Accuracy is what billions of dollars of investment buys, and the investment is relentless. The day is approaching — closer than most people understand — when the system reads the thousand markers encoded in your face, your gait, your microexpressions, and states with ninety-five percent certainty that you will commit a murder. That you will commit a rape.

Not that you have. Not that you tried. That you will. And when that threshold of confidence is reached, the pressure to act on it will be overwhelming. Society will accept it as grounds for intervention, for detention, for pre-emptive removal, and pre-crime will stop being a dystopian metaphor and become official state policy. A system that labels your face as hostile does not need to be right today. It only needs to become right. And it is. [...]

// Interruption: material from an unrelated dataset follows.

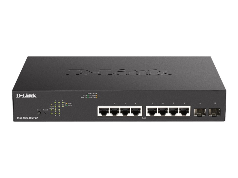 D-Link Dgs 1100-10Mpv2 - Switch - Smart - 8 X 10/100/1000 (Poe) + 2 X Gigabit Sfp - Rackmonterbar - Poe (130 W)

Palantir and the Architecture of Control

Palantir is not a hypothetical. It is a company with a current market valuation measured in the hundreds of billions of dollars, deep contractual relationships with the United States military, the CIA, the FBI, the Mossad, MI6, and Immigration and Customs Enforcement, and a product suite specifically designed to do what I have been describing.

Its Gotham platform aggregates data from tax records, DMV files, employment history, educational records, immigration status, subpoenaed social media accounts including private messages and location history, and synthesizes this into individual dossiers that can be searched by tattoo, by neighborhood, by association, by movement pattern. Its immigration enforcement application, called ELITE, populates a map with what it designates as deportation targets and assigns each one a confidence score estimating the probability that a given address is where they currently sleep. The word target is theirs, not mine.

This is not a system built for national security in any meaningful sense of that phrase. National security was the pretext used to build it. What it actually does is make the population legible, sortable, and actionable to whoever holds the contract. Right now, those contract holders include an administration that has already demonstrated its willingness to use these tools against students who attended the wrong protest, academics who signed the wrong letter, immigrants whose only crime was existing without documentation in a country that spent decades depending on their labor.